Extremely Lightweight Nanocardboard Is Stronger than Corrugated Cardboard

Nanocardboard is made out of an aluminum oxide film with a thickness of tens of nanometers, forming a hollow plate with a height of tens of microns. Image: University of Pennsylvania

Corrugated cardboard is a staple in the packaging industry. It utilizes the standard sandwich structure: two solid sandwich panels separated by a layer of lightweight webbing or lattice. This design provides the optimum combination of low weight and high stiffness. Sandwich-structure composite materials are common across a variety of industries, especially for applications that require those characteristics. But, of course, industry is always look for lighter, stronger materials.

A team of engineers from the University of Pennsylvania has created a new material called nanocardboard that is the ultrathin equivalent of corrugated paper cardboard. Not only is it extremely light weight - one square centimeter weighs less than a thousandth of a gram) - it is an excellent thermal insulator and springs back to its original shape after being bent in half.

The idea came to Igor Bargatin, an assistant professor of mechanical engineering and applied mechanics at the University of Pennsylvania, while he was listening to a presentation on the mechanical properties of the shells of microscopic algae called diatoms. Some of these creatures rely on a sandwich structure to evolve hard outer shells that achieve very high stiffness while using only a minimum amount of material (silicon oxide).
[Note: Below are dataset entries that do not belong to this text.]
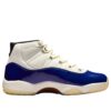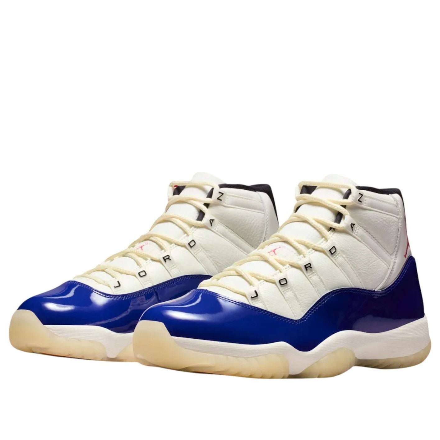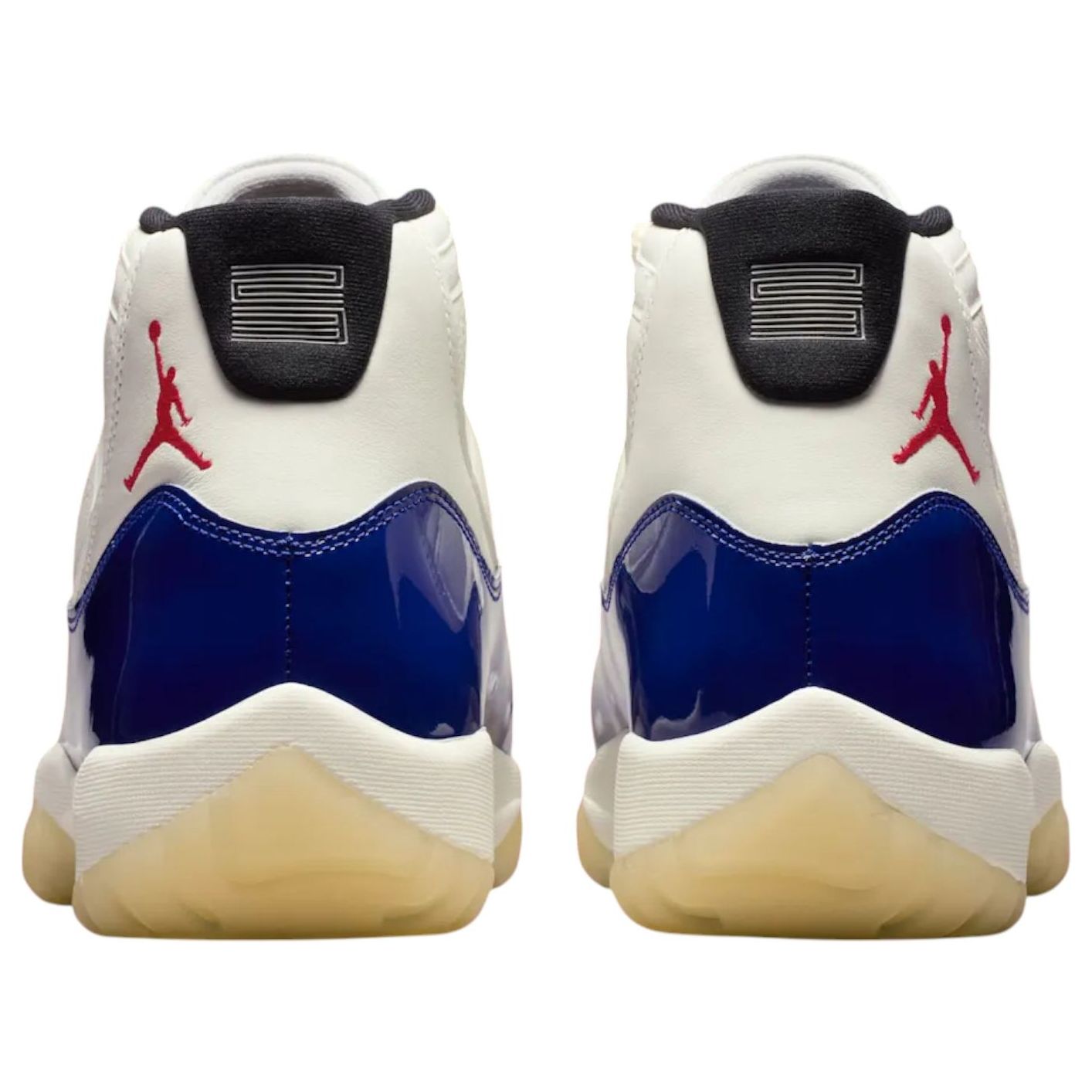 The Air Jordan 11 Retro ‘Rare Air’ features a white leather upper with a shiny patent leather mudguard in Deep Royal Blue. In addition to a crimson Jumpman logo on the lateral collar, branding elements include ‘JORDAN’ spelled out on the webbing eyelets and a stylized ’23’ stamped on the black textile back tab. Lightweight cushioning arrives via a Phylon midsole, fitted with full-length Air-sole cushioning and supported by a translucent rubber outsole.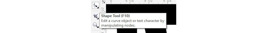 With the comma now converted to curves, we can edit the parts of the shape no longer needed for the next step. With the comma still selected, click the Shape Tool (F10).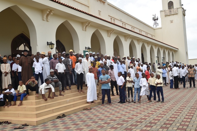 WAUMINI wa Dini ya Kiislam wakiitikia dua ikisomwa na Mufti Mkuu wa Zanzibar Sheikh.Saleh Omar Kabi.(hayupo pichani) baada ya kumalizika kwa Sala ya Ijumaa iliyofanyika katika Masjid Jamiu Zinjibar Mazizini Wilaya ya Magharibi “B” Unguja.(Picha na Ikulu).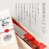L'emballage des couteaux Ebisu est tout aussi impressionnant. Chaque couteau est présenté dans une boîte spéciale en bois de Paulownia, décorée du logo de la marque, Ebisu-sama, imprimé sur le meilleur papier Washi d'Echizen avec des accents dorés et argentés. Avant expédition, chaque couteau subit une inspection rigoureuse, et seuls ceux qui répondent à nos normes élevées reçoivent le sceau d'approbation "lame Ebisu". Ce design d'emballage méticuleux fait des couteaux Ebisu un choix populaire pour un usage personnel et comme cadeaux.
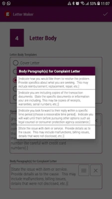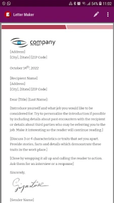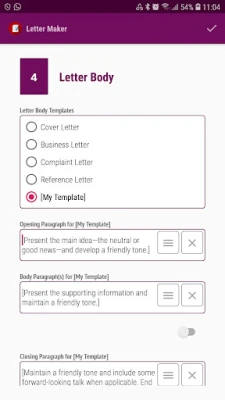 To write a letter, just choose prepared fragments of text. In this case, Letter Maker works as a letter generator and letterhead creator. You can correct the entered text, which will be automatically saved for later use. The Letter Maker App also allows you to use letter templates to write letters in different cases, such as Cover Letter, Business Letter, Complaint Letter, Reference Letter or your own letter template. You can associate each paragraph of these business letter templates with a list of text options that you will choose when writing letters in various situations.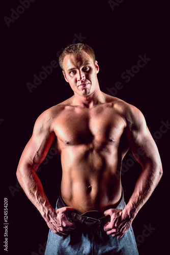 Fototapeta premium Muscular man with dumbbells on black background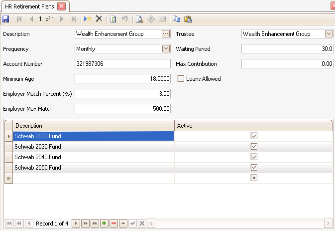 - Set up the company providing the plan by setting up the retirement trustee and description in Setup and Maintenance by choosing Retirement Trustees in the Table Code field.

“During the talk, it occurred to me that we should be able to make similar structures using micro- and nanofabrication tools,” Bargatin said.

Detail of the basketweave webbing geometry. Image: University of Pennsylvania

His biggest challenge was finding a way at the nanoscale to attach the top and bottom sandwich layers to the interior core. “At the macroscale,” he continues, “you can just glue the face sheets and the lattice together, but at the nanoscale, the structures we work with are thousands of times thinner than any layer of glue you can find.”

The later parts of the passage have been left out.